Launching the business
“With my illness, job searches proved fruitless and eventually I came to the conclusion that working for myself may be the best option. The obvious answer was, of course, chickens. I’d had my website (Charlotte’s Poultry) since 2003 for selling surplus from my own breeding programmes, but now it was time to give it a revamp and turn my hobby into a job. My partner Simon’s idea, in June 2013, was that we found some land to rent.”
A plot of land was found west of Chippenham in the Cotswolds in Wiltshire and, after weeks of clearing brambles and nettles and building pens, Charlotte’s Poultry started to take shape.

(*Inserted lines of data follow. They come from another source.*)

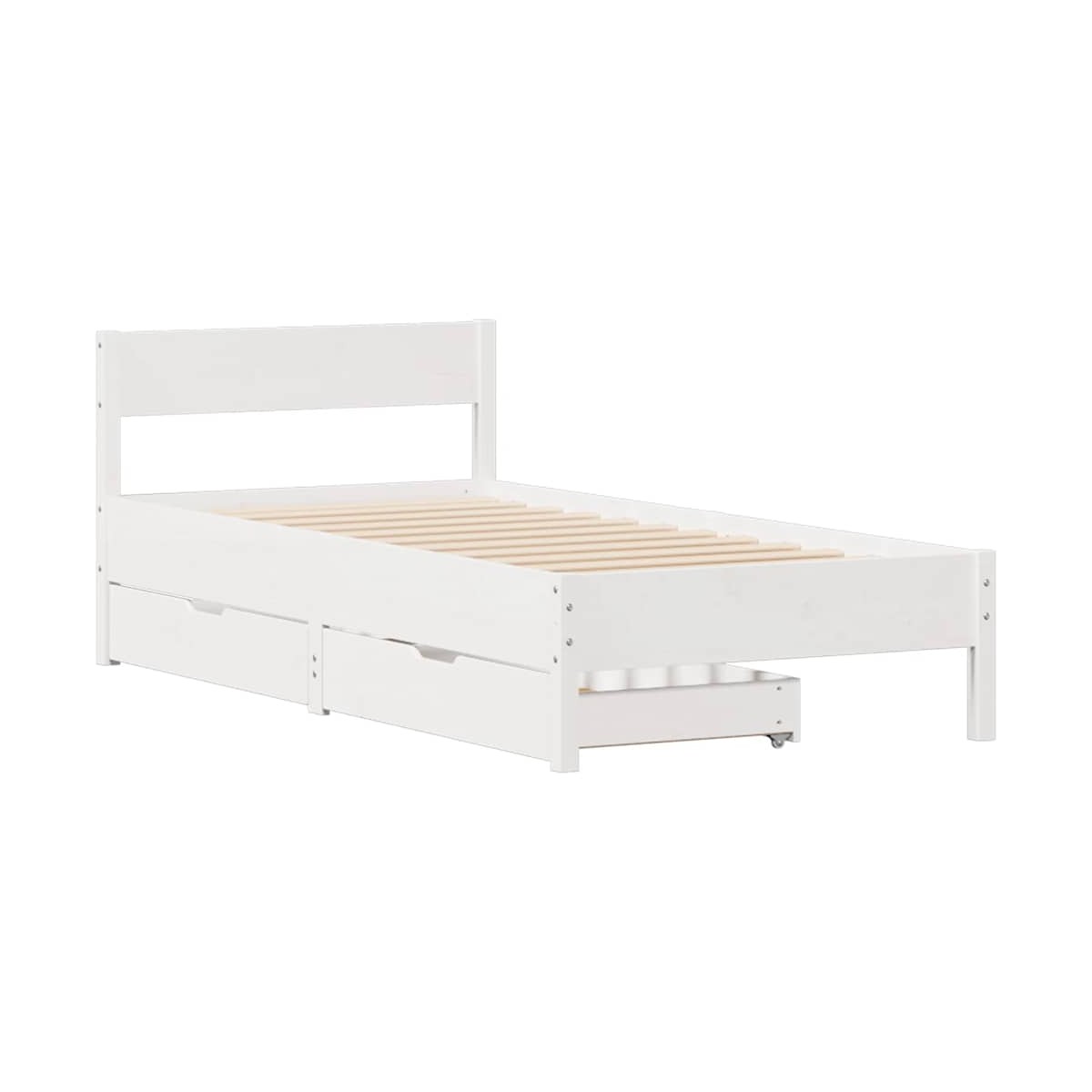 Consigue un sueño más reparador con esta estructura de cama. Es un aporte acogedor para cualquier dormitorio. Estructura estable y duradera: La madera de pino maciza es conocida por su resistencia y durabilidad. Sus vetas rectas y sus característicos nudos contribuyen a su encanto rústico.Somier de láminas para un soporte óptimo: La estructura de cama está equipada con un somier de láminas para el apoyo y la transpirabilidad del colchón.Cabecero versátil: Esta estructura de cama viene con un cabecero que proporciona un excelente soporte para la espalda cuando te sientas en la cama para leer o ver la televisión, a la vez que sirve como elemento decorativo.Aproveche al máximo el espacio: Este somier cuenta con dos cajones debajo, que proporcionan almacenamiento para artículos como ropa de cama extra, ropa de temporada y juguetes.Maniobrabilidad sin esfuerzo: Este cajón de almacenamiento bajo la cama cuenta con cuatro ruedas, que proporcionan una maniobrabilidad suave y sin esfuerzo para deslizarse dentro y fuera de debajo de tu cama. Información útil:El colchón no está incluido con la cama. Disponemos de una variada selección de colchones. Puedes echar un vistazo a nuestra tienda para buscar el colchón correspondiente.
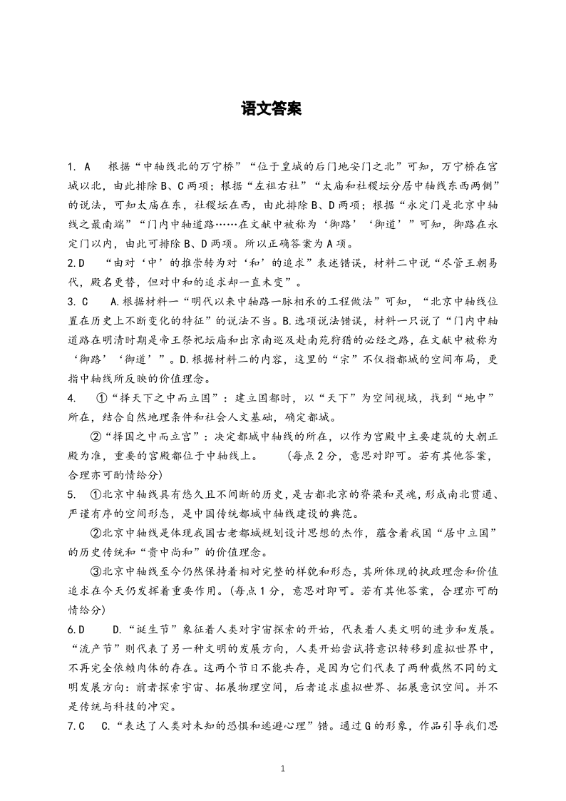 四川省成都列五中学2024-2025学年高三上学期12月月考 语文答案
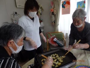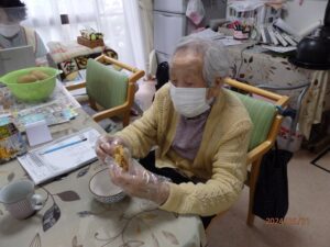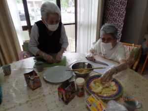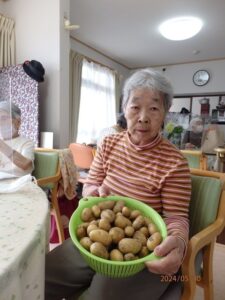 収穫したじゃがいもを使って利用者様とおやつ作りをしました。
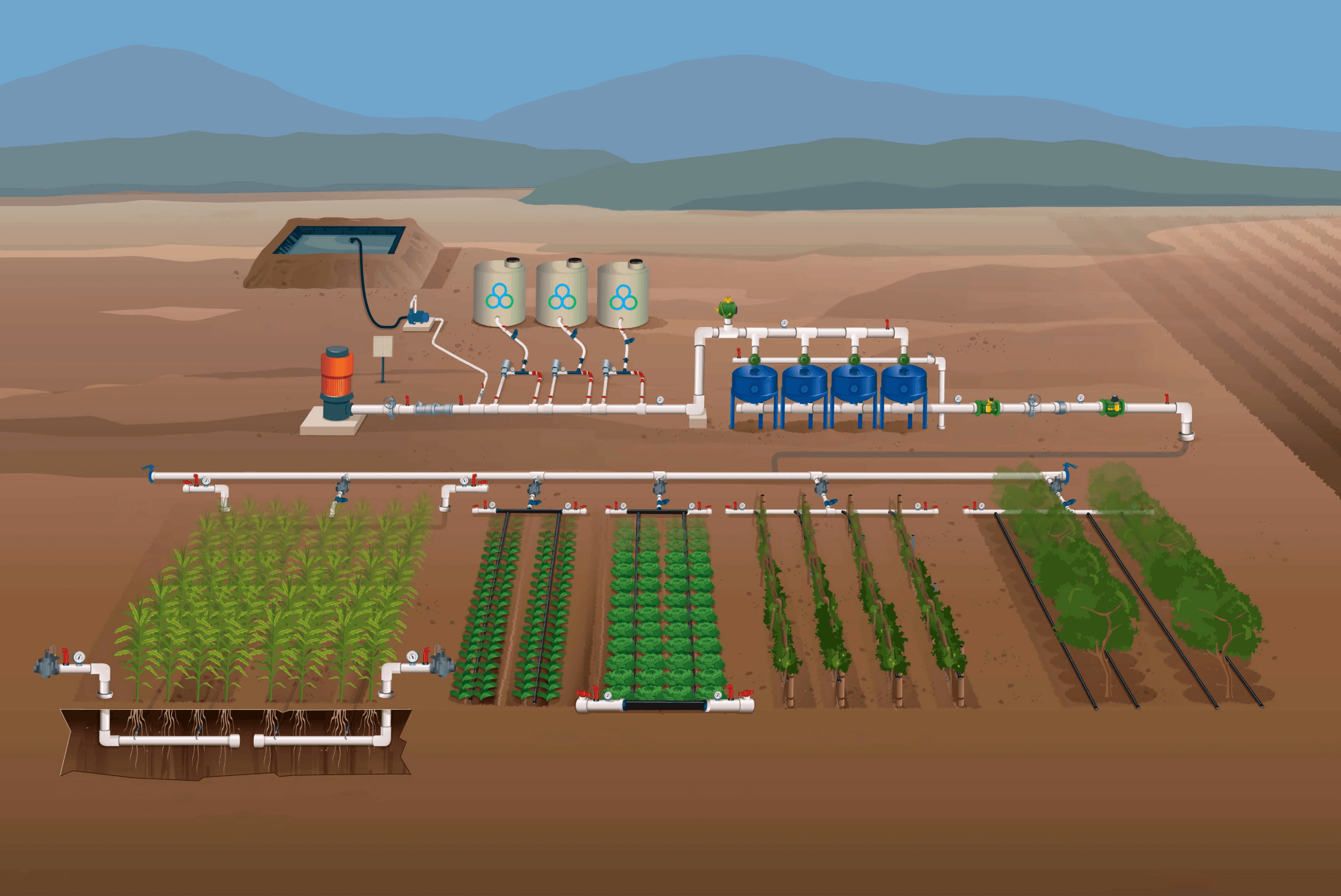 Благодаря высокому профессионализму и квалифицированному инженерному составу наша компания стала ведущей в Казахстане по внедрению систем капельного и дождевального орошения в интенсивном садоводстве, овощеводстве, выращивания кукурузы, люцерны и других кормовых культур, что позволило нам быть надежным партнером для отдельных фермеров и больших агрохолдингов.
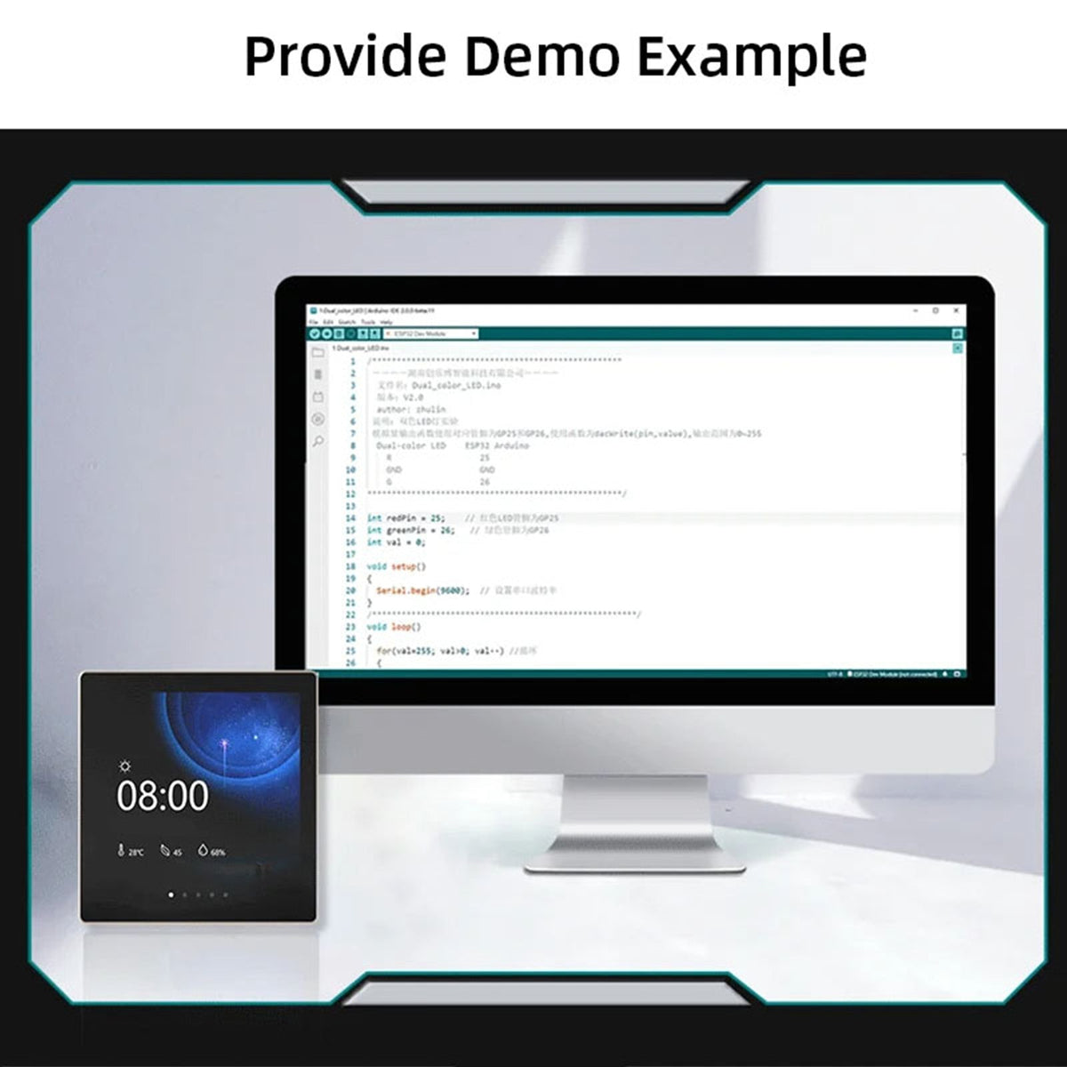 Das LCD-Modul verwendet das ESP32-S3-WROOM-1-Modul als Hauptsteuerung. Die Hauptsteuerung ist eine Dual-Core-MCU, die WLAN- und Bluetooth-Funktionen integriert. Die Hauptsteuerfrequenz kann 240 MHz, 512 KB SRAM, 384 KB ROM, 8 MB PSRAM erreichen, und die Flash-Gr??e betr?gt 16 MB, die Anzeigeaufl?sung 480 * 480, kapazitive Berührung. Das Modul umfasst ein LCD-Display, einen Steuerkreis für die Hintergrundbeleuchtung und einen Steuerkreis für den Touchscreen. Buchen Sie die TF-Kartenschnittstelle und die IO-Port-Schnittstelle. Dieses Modul unterstützt die Entwicklung von Arduino IDE, ESP IDE, Micropython, Mixly usw.
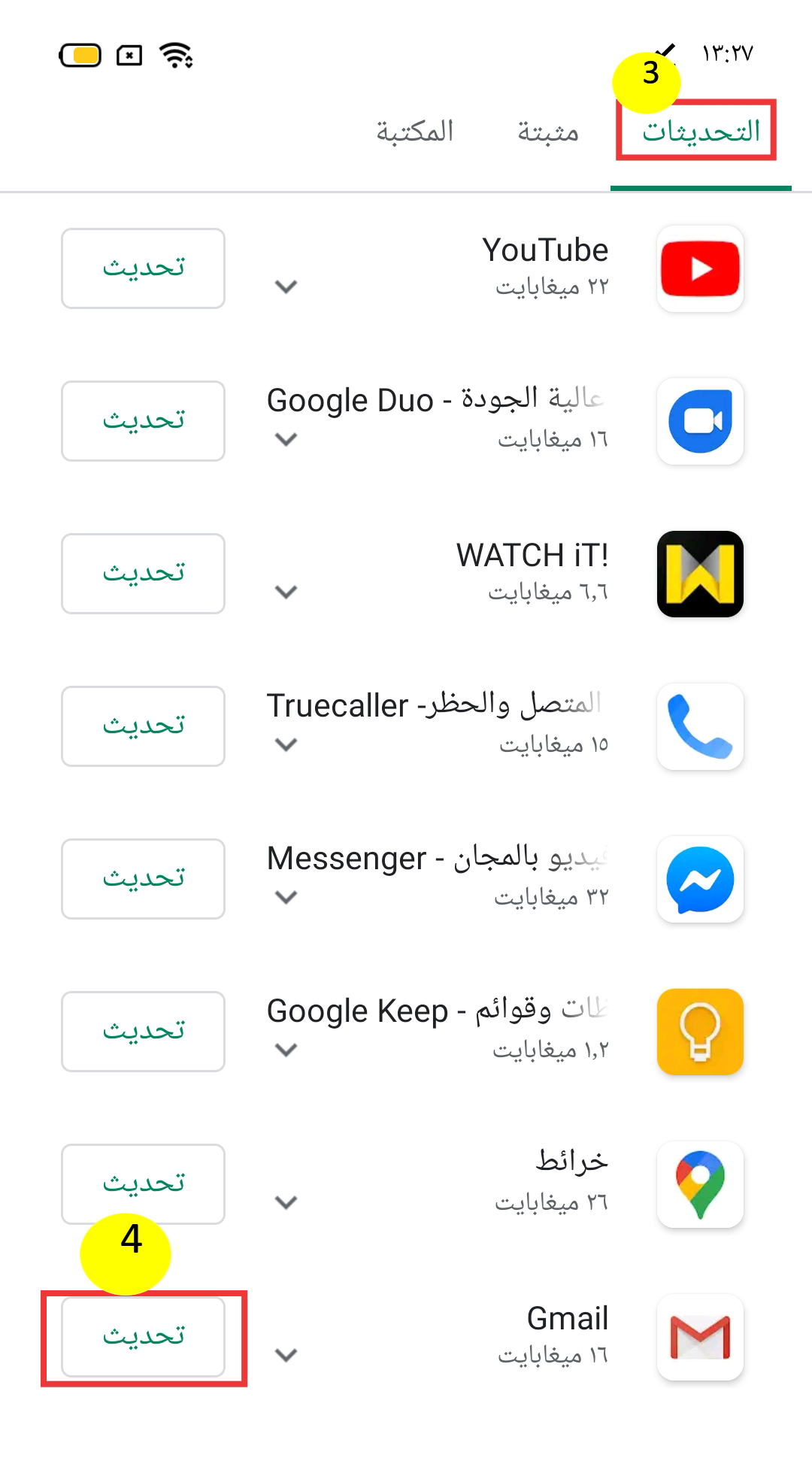 وانقر على [تطبيقاتي وألعابي]. في علامة التبويب [التحديثات] ، حدد موقع تطبيق البريد الإلكتروني وانقر على [تحديث].
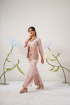 THE ENSEMBLE FEATURE A SHORT STYLE OUTFIT CONSISTING OF A THREE PCS SET WITH INTRICATELY EMBROIDERD JACKET WITH A LAPEL COLLAR.
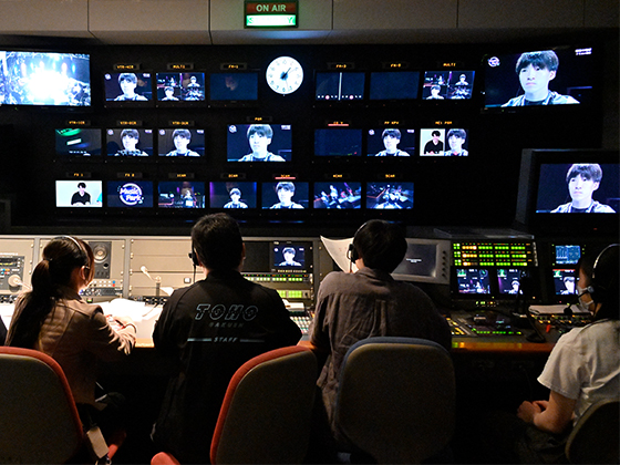 テレビスタジオにて、ディレクターやフロアディレクター、タイムキーパーなど番組制作スタッフの仕事を体験!在校生と一緒にスタジオワークをとおして、番組制作の雰囲気を体感しよう!
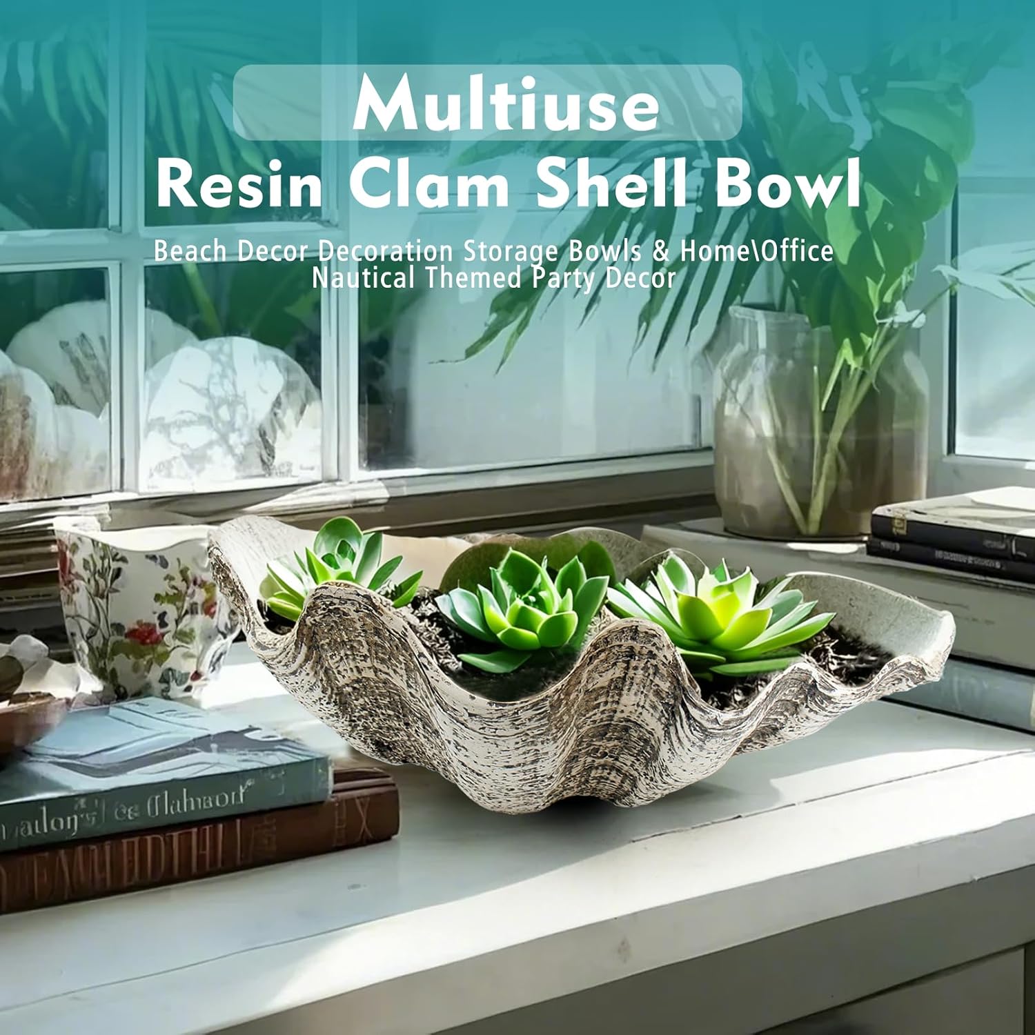 - Size:This Beige and gray Seashell decorative bowls made from 100% solid resin, -3.6" tall, 10.23" wide and 8.6" deep approximately. Clamshell decorative bowls Sufficient for home Bathroom Shelf,Room Console,Coffee table,Office Desk,Window Edges and a perfect idea for beach house decor,occasions for beach themed parties or weddings

“My main aim was to have a good selection of pure breeds of good quality,” said Charlotte. “The next challenge was choosing which breeds and colours to keep, which was quite difficult as I felt I needed to feel passionate about the breeds in order to put 100% into improving each type, but each breed needed to be popular enough to sell well. I found there were many things to consider: colour, egg colour, size of the bird, to frizzle or not to frizzle?
“I thought this would also be a good opportunity to show some of the rarer breeds to people who’d not seen them before and chose Cream Legbars, Vorwerks and Groninger Meeuwen. Now that the Legbar has been taken under the wing of the new Autosexing Breeds Association, I’m planning to add a new rare breed, perhaps a Dorking.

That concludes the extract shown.